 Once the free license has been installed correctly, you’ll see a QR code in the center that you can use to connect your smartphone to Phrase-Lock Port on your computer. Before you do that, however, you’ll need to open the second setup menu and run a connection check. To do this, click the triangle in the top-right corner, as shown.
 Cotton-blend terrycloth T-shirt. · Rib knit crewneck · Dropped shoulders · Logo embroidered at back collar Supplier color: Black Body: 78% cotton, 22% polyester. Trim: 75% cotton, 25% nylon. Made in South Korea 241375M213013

◆ ◆ ◆ ◆ ◆

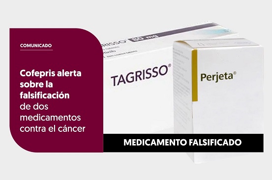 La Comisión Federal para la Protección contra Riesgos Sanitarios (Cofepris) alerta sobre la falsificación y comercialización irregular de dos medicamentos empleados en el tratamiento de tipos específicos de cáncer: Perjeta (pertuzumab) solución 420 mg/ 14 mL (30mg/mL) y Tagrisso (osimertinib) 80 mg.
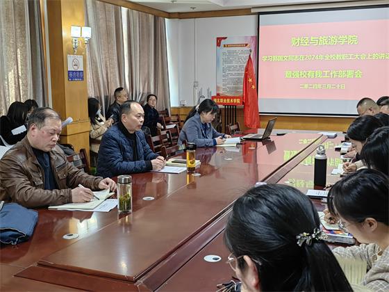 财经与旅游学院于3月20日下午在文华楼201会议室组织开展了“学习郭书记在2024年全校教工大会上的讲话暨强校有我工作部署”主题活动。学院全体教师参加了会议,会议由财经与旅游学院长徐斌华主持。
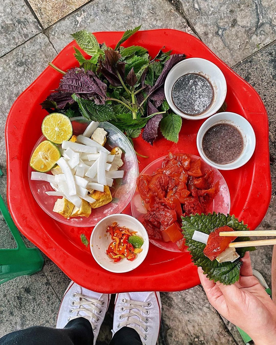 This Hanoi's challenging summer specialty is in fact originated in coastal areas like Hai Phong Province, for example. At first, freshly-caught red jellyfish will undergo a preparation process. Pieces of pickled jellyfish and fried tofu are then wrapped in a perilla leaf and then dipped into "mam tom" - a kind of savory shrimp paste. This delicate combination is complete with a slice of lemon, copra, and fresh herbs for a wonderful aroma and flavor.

◆ ◆ ◆ ◆ ◆

▸ **Your instructions**
Each line from the one that contains "La Comisión Federal" down to the one that contains "财经与旅游学院于3月20日下" is to be returned exactly as it stands above, both ends included, with pictures removed.

▸ **Answer to this problem**
 La Comisión Federal para la Protección contra Riesgos Sanitarios (Cofepris) alerta sobre la falsificación y comercialización irregular de dos medicamentos empleados en el tratamiento de tipos específicos de cáncer: Perjeta (pertuzumab) solución 420 mg/ 14 mL (30mg/mL) y Tagrisso (osimertinib) 80 mg.
 财经与旅游学院于3月20日下午在文华楼201会议室组织开展了“学习郭书记在2024年全校教工大会上的讲话暨强校有我工作部署”主题活动。学院全体教师参加了会议,会议由财经与旅游学院长徐斌华主持。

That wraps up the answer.